-- DATA follows --

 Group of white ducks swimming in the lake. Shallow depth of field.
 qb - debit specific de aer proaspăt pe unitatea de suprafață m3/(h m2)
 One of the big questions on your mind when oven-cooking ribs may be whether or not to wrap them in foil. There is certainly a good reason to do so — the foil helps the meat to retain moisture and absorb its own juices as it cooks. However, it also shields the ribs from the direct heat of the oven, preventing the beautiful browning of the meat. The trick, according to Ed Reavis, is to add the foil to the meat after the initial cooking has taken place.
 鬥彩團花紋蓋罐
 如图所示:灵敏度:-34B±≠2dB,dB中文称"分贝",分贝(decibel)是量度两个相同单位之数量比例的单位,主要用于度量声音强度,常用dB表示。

-- DATA concluded --
-- DATA follows --

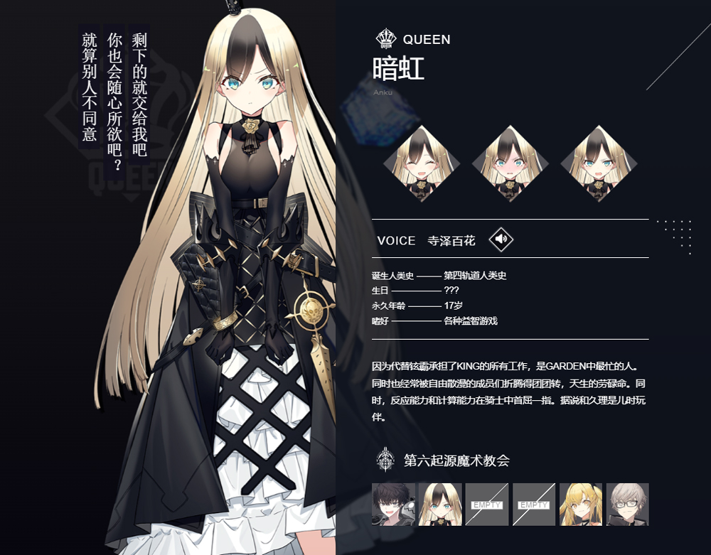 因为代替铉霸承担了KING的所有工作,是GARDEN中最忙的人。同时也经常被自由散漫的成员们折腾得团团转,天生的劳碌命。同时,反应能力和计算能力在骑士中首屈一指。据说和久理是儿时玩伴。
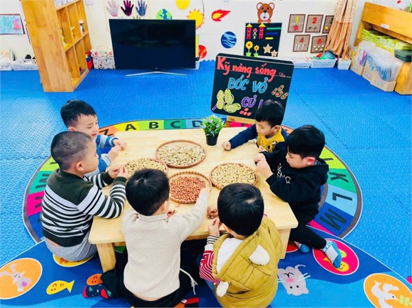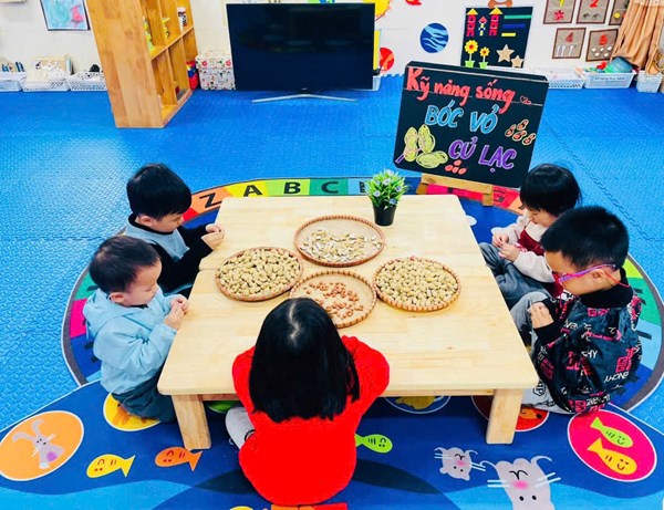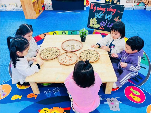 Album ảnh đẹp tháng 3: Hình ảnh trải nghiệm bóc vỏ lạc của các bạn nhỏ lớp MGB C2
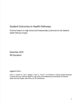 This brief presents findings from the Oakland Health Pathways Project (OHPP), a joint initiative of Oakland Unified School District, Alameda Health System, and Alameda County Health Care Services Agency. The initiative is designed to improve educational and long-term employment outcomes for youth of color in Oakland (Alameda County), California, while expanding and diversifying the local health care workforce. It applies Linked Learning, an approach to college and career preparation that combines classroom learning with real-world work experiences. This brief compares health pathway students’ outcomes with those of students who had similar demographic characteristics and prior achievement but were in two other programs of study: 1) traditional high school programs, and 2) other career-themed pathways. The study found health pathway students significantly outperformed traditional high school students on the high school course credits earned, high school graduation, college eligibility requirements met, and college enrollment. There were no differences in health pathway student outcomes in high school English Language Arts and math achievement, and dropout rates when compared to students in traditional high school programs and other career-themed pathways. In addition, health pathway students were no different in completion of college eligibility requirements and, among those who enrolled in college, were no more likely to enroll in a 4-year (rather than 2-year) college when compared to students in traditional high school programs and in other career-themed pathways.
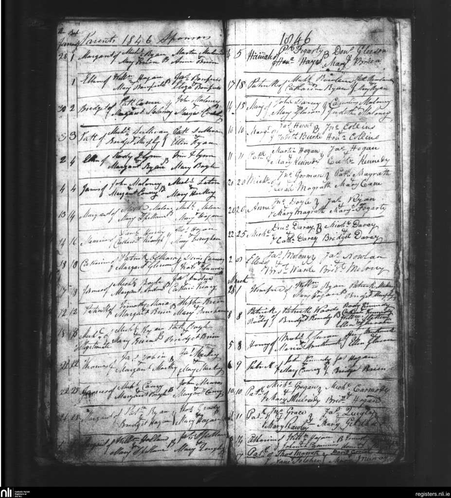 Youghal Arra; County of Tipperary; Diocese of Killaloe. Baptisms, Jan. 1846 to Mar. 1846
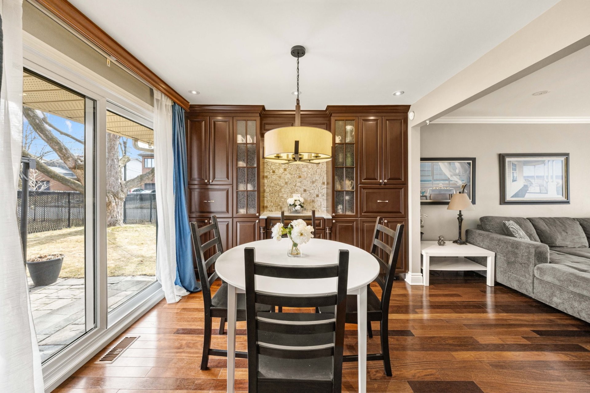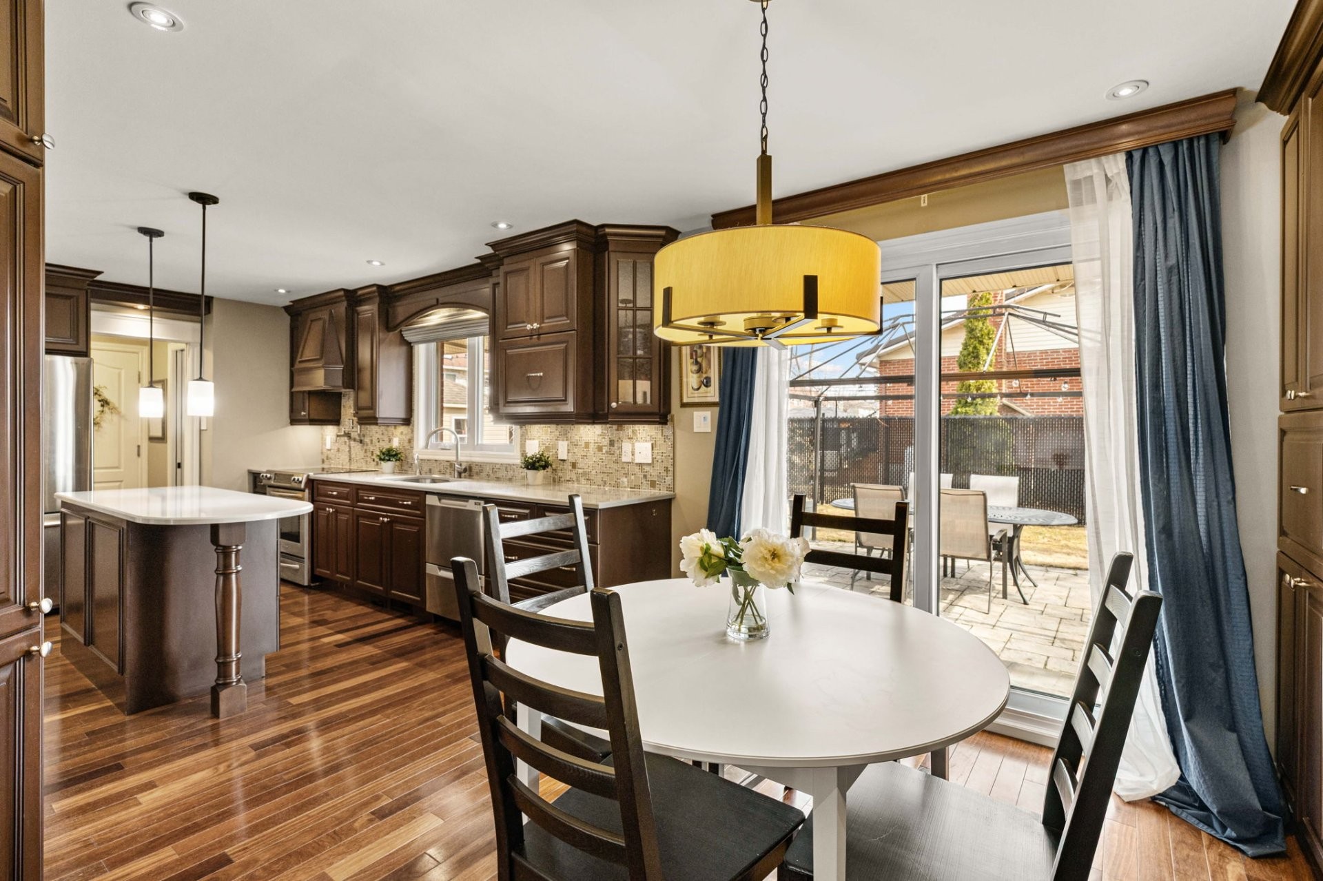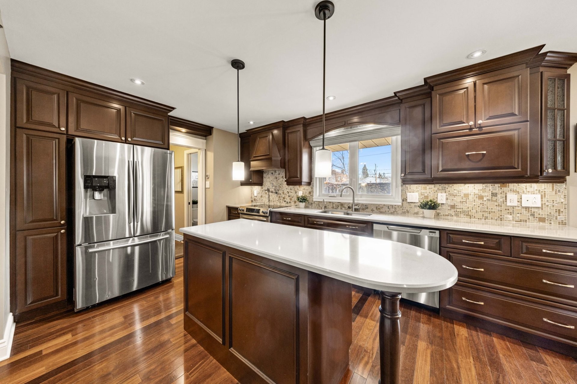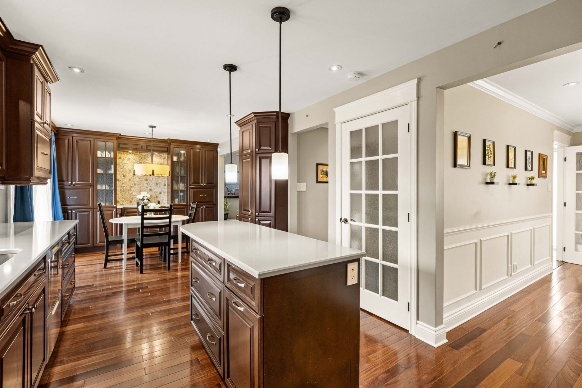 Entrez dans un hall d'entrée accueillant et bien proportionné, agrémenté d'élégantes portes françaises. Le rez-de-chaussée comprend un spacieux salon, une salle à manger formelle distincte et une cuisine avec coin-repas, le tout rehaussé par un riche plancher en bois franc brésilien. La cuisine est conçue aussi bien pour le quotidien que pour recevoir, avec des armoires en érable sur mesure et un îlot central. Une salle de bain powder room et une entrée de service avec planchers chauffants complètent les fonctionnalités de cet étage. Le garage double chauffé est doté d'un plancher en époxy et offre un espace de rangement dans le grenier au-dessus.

-- DATA concluded --
-- DATA follows --

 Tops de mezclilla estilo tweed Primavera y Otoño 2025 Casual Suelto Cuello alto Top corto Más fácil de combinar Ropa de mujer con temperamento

-- DATA concluded --

REQUIRED WORK:
From the entries above, copy exactly the lines starting at the one with "因为代替铉霸承担了KING的" and stopping at the one with "Album ảnh đẹp", keeping both ends. Drop the pictures.

WRITTEN SOLUTION:
 因为代替铉霸承担了KING的所有工作,是GARDEN中最忙的人。同时也经常被自由散漫的成员们折腾得团团转,天生的劳碌命。同时,反应能力和计算能力在骑士中首屈一指。据说和久理是儿时玩伴。
 Album ảnh đẹp tháng 3: Hình ảnh trải nghiệm bóc vỏ lạc của các bạn nhỏ lớp MGB C2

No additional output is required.